I keep telling stories.
I found the man seconds after he was murdered. He bled so much my jeans dripped when I finally stood. I pulled out the knife. It was my fault he died. I was drunk. I wasn’t thinking. I didn’t want him to die. I am not found guilty, but I am sent away to hospital. I am a compulsive liar. I am dangerous.
That’s what I’m told.
I can’t remember.
Mum sits across from me and she is beautiful. Her hair is curled, freshly blonde, it bounces when she laughs, when she speaks, when she leans forward and grips my hand in hers and squeezes. It makes my bones ache. She visits twice a week. She’s my only visitor. There’s a new necklace resting on her chest. A dainty golden chain, and a small tooth, a front tooth, dangling sweetly.
I lean forward, smiling. ‘Oh, that’s pretty.’
‘Hm?’ She asks, her eyes twinkling in the sunlight, uninhibited by her usual glasses, ‘Is it real?’ I ask. Pointing.

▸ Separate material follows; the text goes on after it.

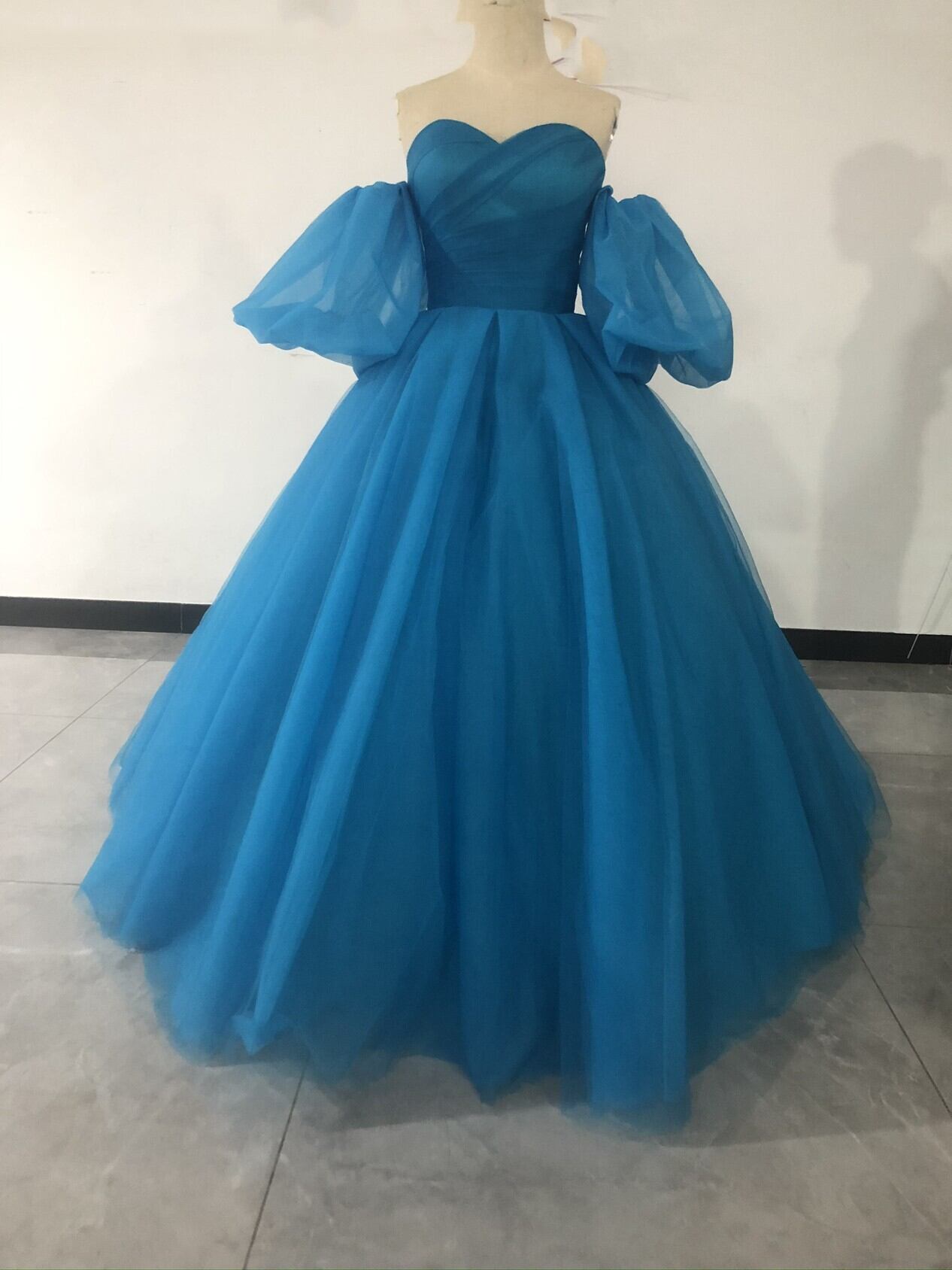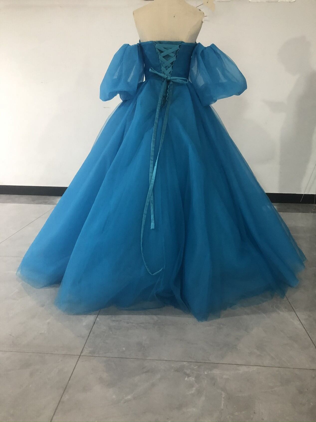 送料無料!人気上昇!ピーコックグリーンカラードレス パーティードレス ベアトップ 取り外し 姫袖 /結婚式/披露

‘Oh! Yes.’ Mum nods, her hand resting over the tooth, her pointer and thumb caressing it between them, rolling the tooth gently up and down.
‘Yours, actually.’
‘Mine?’ I ask, my heart fluttering, flattered, warmed. Yet guilt compounds still. Seeing her makes my chest ache. It feels wrong to let her love me. I wish she would visit less, though that thought makes my stomach turn.
‘Oh, Mum,’ I whisper, reaching forward. She clasped my hand in hers. Her palm cold against my knuckles. ‘Is it a front tooth?’
She nods, watching me.
My front tooth, I thought, head-spinning. I remember finding an extra two dollars waiting for me the morning after I lost them. They were the special teeth, the ones that symbolizes youth and childhood, the ones everyone has a story about. I suddenly still. The warmth fading as the cool reminder settles in my bones. My story doesn’t match. My palms grow wet with sweat.
‘But … Mum,’
I falter, blinking.
‘I … I thought … I lost those at school. I did … didn’t I? I … I swear I lost them at school.’ I try to look up at her, but I can’t tear my eyes from the tooth.
I start to pull my hand away and Mum grips it tighter, so tight my knuckles press together, it begins to ache again, this time I wince.
‘Mum, that hurts. ’
‘You did.’ She answers, still smiling. ‘One of them.’
I shake my head. ‘No, no, I swear it was both. Mum?’
Her nails dig into my skin. Her eyes are hard, the blue sharp as ice now, cold.
Her lips are still stretched in a smile. An old fear curls in my stomach as I look at her. Liquid hot and burning, bubbling up my throat. I drop my gaze, avoiding hers. I feel sick.
‘Just one,’ Mum said, her voice sweet. ‘Don’t you remember how you lost the other one?’
I shake my head, though I did know, or I had thought I did. The burn in my throat turns to heaving retches, my body jerks in my chair, I cannot pull away and Mum is disappearing into memory. The chair screeches as I pull, my shoulder aches as I attempt to yank myself away yet still Mum clings on.
‘Yes, you do.’ She said, leaning closer, blood curling under her neatly manicured nails. ‘I do too.’
I can’t see her anymore. I can feel it again. Feel my face pummelled into the couch cushions, the material rubbing harshly against my skin, the crochet blanket marking my face to match. I can feel her weight above me, on top of me, her hand on the back of my head, squeezing. I can feel my tooth catching on the blanket, feel her hand yanking me upwards. I can taste the blood in my mouth and the salty snot and tears.
I can see my tooth. I can see my tooth.